Enough is whatever makes you feel fit and alert the next day. Most people can recall feeling quite well on six or seven hours sleep occasionally – or listless and headachy after nine. Most of us though need more than six hours of uninterrupted sleep.
Do you need less sleep as you get older?
It’s a myth that the older you get, the less sleep you need. As you get older, you need as much sleep as ever, but you sleep less soundly and tend to fragment your sleep. Sometimes this turns into chronic insomnia, which leaves you with “sleep debt” and puts you at risk for car crashes and other mishaps, daytime drowsiness, and burning eyes. It can muddy your thinking and interfere with your life.
Is there such a thing as too much sleep?
You may have read that sleeping more than eight hours is a bad sign. And, indeed, sleeping a lot may be a sign of some underlying illness. But researchers have never been able to explain why some people feel fine on less sleep and some people need more.

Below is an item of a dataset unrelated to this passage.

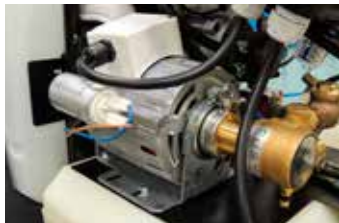
Motorpump unit for feeding water into the boiler

Gruppo motopompa alimentazione acqua in caldaia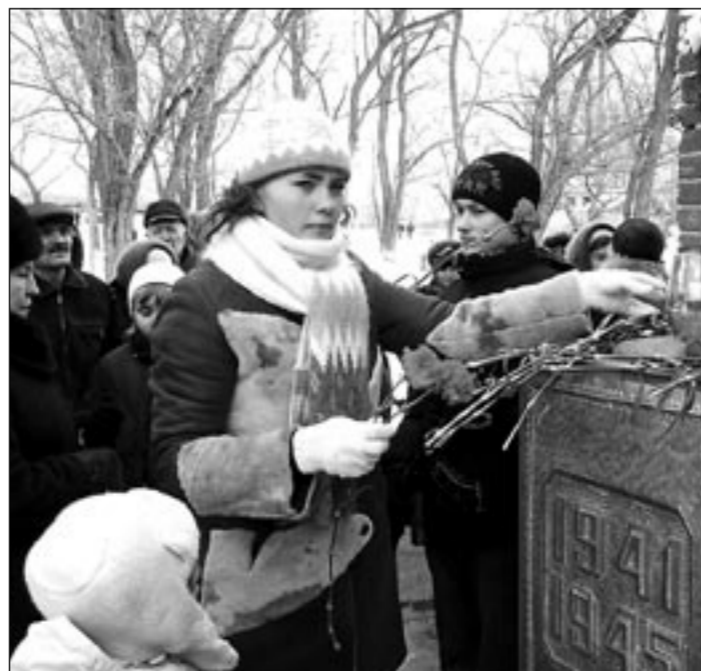
У мемориальной доски Михаилу Кузьменко.

На старинном земском здании школы села Кричиное Россоанского района принародно открыта мемориальная доска. На ней портрет война. Здесь учился участник Великой Отечественной войны, полный кавалер ордена Славы Михаил Кузьменко.

Does dreaming interfere with sleep?
No, dreaming is an important element in sound sleep. There are several phases of sleep, from dozing to deep sleep. Vivid dreaming occurs during rapid-eye-movement sleep (REM sleep), a necessary phase of restful sleep. Waking suddenly in the midst of a dream, of course, can interfere with restful sleep.
During the day…
Spare the snooze button in the morning, Skip the siesta, Exercise, Avoid caffeine, Stop smoking, Know what medicines your taking, Work a steady shift, Resolve dilemmas, Evaluate your bedding.
Just before retiring…
Establish a soothing bedtime routine, Explore relaxation techniques, Watch the food, Restrict the liquids, Nix the nightcap, Try a glass of warm milk, Take a bath, Use your bed for sleep and sex only, Set a strict bedtime, Control your climate, Block the noise, Cut the light, Know your medicines.
Once in bed…
Stop working, Consider sex (it generally help you fall asleep), Get into a position, Get up if you are not sleepy, Don’t be a clock watcher, Fight heartburn with gravity.
Finally…
These suggestions will help many people, but not everyone. If you are having difficulty sleeping, talk to your health professional.
If a higher level of wellness is a personal goal of yours, but you are in need of some external guidance and motivation, contact your neighborhood Pharmacist / Nutritionist / Fitness Professionals at Carnegie-Sargent’s Pharmacy and Health Center. (312) 280-1220. Remember health promotion begins with you!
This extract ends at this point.